CSIS : Le problème de la vague de manifestations en raison de la crise de confiance au gouvernement
ARTA - Les vagues de manifestations qui se sont produites ces derniers temps dans diverses villes d’Indonésie, allant de Pati, Bone, Jakarta à Makassar, reflètent les troubles socio-économiques qui se renforcent dans la communauté.
Y a écrit : Des milliers de personnes sont montées dans la rue pour protester contre des politiques gouvernementaux jugées injustes et moins sensibles à la situation.
an, chercheur principal du département économique du CSIS, Deni Friawan, a déclaré que les manifestations se sont réchauffées après la mort d’affan Kurniawan, un chauffeur d’un taxi moto en ligne, au milieu de la manifestation.
il, a déclaré que les manifestations n’étaient pas une réaction momentanée, mais plutôt une accumulation de confiance dans le gouvernement.
« L’essentiel du problème est une crise de confiance dans le gouvernement en raison de l’effondrement de la légitimité budgétaire », a déclaré Deni lors d’une discussion publique intitulée « Réveil des rues: notre test de la démocratie et de notre économie » en ligne, mardi 2 septembre.
Deni dit que le public est invité à payer des impôts et à accepter l’efficacité budgétaire, mais le gouvernement semble en effet bouleversé, par exemple en augmentant le nombre de ministères et d’institutions, en augmentant les salaires des fonctionnaires et en maintenant des postes dans les entreprises publiques qui sont considérées comme inefficaces.
rénal « Dans la théorie économique politique, nous savons que les impôts sont des contrats sociaux entre le peuple et l’État. Ici, les résidents seront prêts à payer des impôts lorsqu’ils sont confiants que l’État se réciprocera sous la forme de services publics, de la stabilité et de la justice. Malheureusement, le sens de justice s’effondre aujourd’hui en raison des contraintes aux politiques gouvernementales », a-t-il déclaré.
Deni a également souligné que l’inégalité économique reste élevée. Bien que la croissance économique nationale soit stable de l’ordre de 5%, la croissance est intense en capital et inégale.
, le ratio gini est toujours à 0,39, ce qui montre une imégalité significative. Bien que le taux de pauvreté diminue, de nombreuses sociétés sont au seuil de la pauvreté.
rénal. Cette condition rend les résidents vulnérables aux réglementations économiques, y compris à l’inflation alimentaire. Le prix du riz, par exemple, est actuellement de l’ordre de 14 000 IDR à 18 000 IDR par kilogramme, contre les affirmations du gouvernement sur l’augmentation des stocks et de la production.
alement, en termes d'emploi, bien que le taux de chômage soit faible, le taux de chômage augmente réellement et la qualité des emplois est inadéquate.
arros : la plupart des emplois sont dans des secteurs informels, les revenus stagnants ne sont pas équilibrés avec l'augmentation des coûts de vie.
sous cette pression, les politiques budgétaires du gouvernement sont considérées comme de plus en plus injustes. Le budget de l’aide sociale diminue, tandis que les dépenses pour des projets coûteux tels que le gouvernement numérique du Mercusuar (MDG) et les dépenses de défense augmentent sans une transparence adéquate.
rénitatif gratuit et nutritif (MBG) est passé de 107 000 milliards de roupies à 335 billions de roupies, absorbant 44% du budget de l’éducation.
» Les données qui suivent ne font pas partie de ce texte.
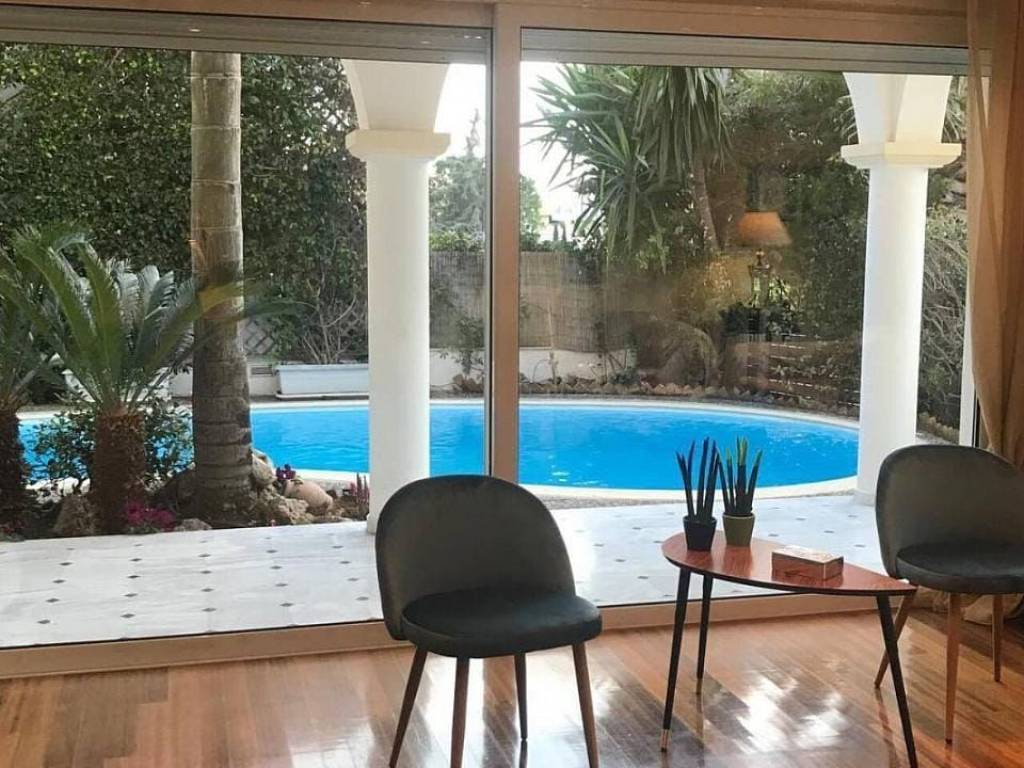 ALIMOS Pani Area, Detached House 360 sq.m., 3 Levels, Ground Floor - 1st - 2nd Floor, 5 Bedrooms (3 Master), '03 Construction, 3 Bathrooms, Wc, Villa, In a 400 sq.m. Plot,, 2 Living Rooms , Autonomous Heating, Air Conditioning, Fireplace, Security Door, Solar, Underground Parking, Storage Room, Garden, Swimming Pool, Excellent Condition, Bbq, Jacuzzi, 3 Parking Spaces, Storage Room, Oak Floors, Built-in Wardrobes, Boiler, Security Alarm, Double Glazing Windows, Quiet Area, Top Location, Close to Transportation, Price 2.000.000 Euros, Negotiable (Listing code: 58).

Les dépenses en matière de défense et de sécurité ont atteint 565 000 milliards de roupies, soit 19% du budget de l’État », a-t-il déclaré.
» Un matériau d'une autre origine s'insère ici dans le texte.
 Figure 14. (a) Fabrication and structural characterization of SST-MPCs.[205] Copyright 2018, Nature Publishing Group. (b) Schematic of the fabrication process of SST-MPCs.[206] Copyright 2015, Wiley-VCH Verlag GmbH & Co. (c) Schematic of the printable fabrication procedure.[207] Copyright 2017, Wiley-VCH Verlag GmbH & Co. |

Deni a également critiqué le plan d’augmentation des cotisations du bpjs et de la flambée des salaires et des avantages des membres de la RPD jusqu’à 1,4 milliard de roupies par mois / membre, s’il est calculé tous les avantages et installations.
an : « Le problème est de savoir comment le budget est dépensé et comment la responsabilité après la transparence n’est toujours pas claire à ce jour », a expliqué Deni.
Deni a en outre averti, sans justice fiscale et une direction politique plus pro-raciste, la vague de manifestations pourrait être un signe initial d’instabilité sociale plus large en Indonésie.
na, “La vague de protestation qui s’est produite aujourd’hui n’est rien d’autre que le rejet de l’inégalité et des contrats sociaux qui sont aujourd’hui très médiatisés et injustes. En bref, ces manifestations sont une accumulation d’anxiété concernant les difficultés de la vie qui sont de plus en plus réprimantes et une déception concernant le pays qui se sent de plus en plus désespérément aujourd’hui », a-t-il conclu.